▶ _What you are asked to do_: Once the line holding "В нелетную погоду" is found in the entries below, transcribe exactly every line up to and including the one holding "七尾マリンパーク前で抗議のシュプレヒコール (11月11日) |", but leave out the pictures.

▶ _Data to use_:
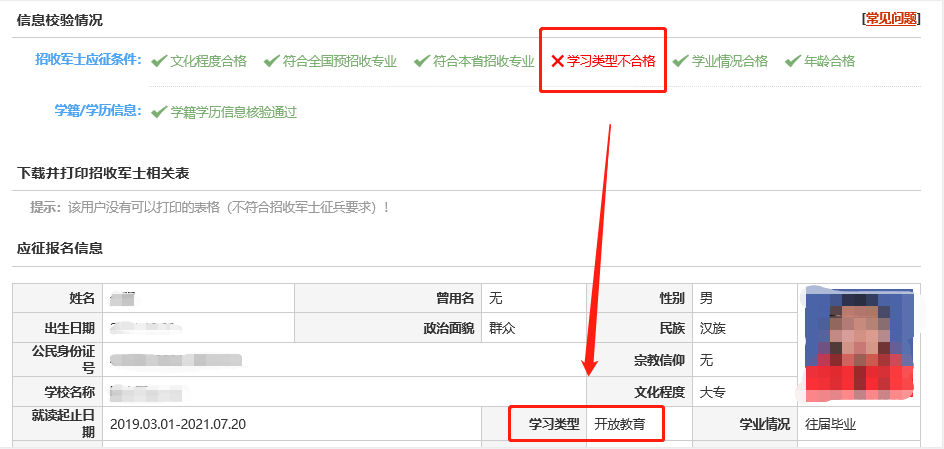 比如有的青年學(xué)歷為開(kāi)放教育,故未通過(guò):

--

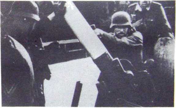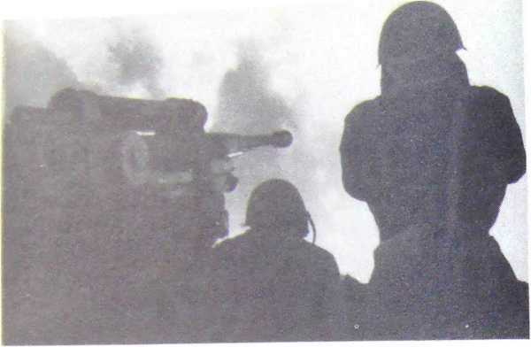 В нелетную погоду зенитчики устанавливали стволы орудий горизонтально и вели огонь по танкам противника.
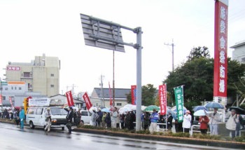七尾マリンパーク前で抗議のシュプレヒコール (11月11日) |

▶ _Written response_:
 В нелетную погоду зенитчики устанавливали стволы орудий горизонтально и вели огонь по танкам противника.
七尾マリンパーク前で抗議のシュプレヒコール (11月11日) |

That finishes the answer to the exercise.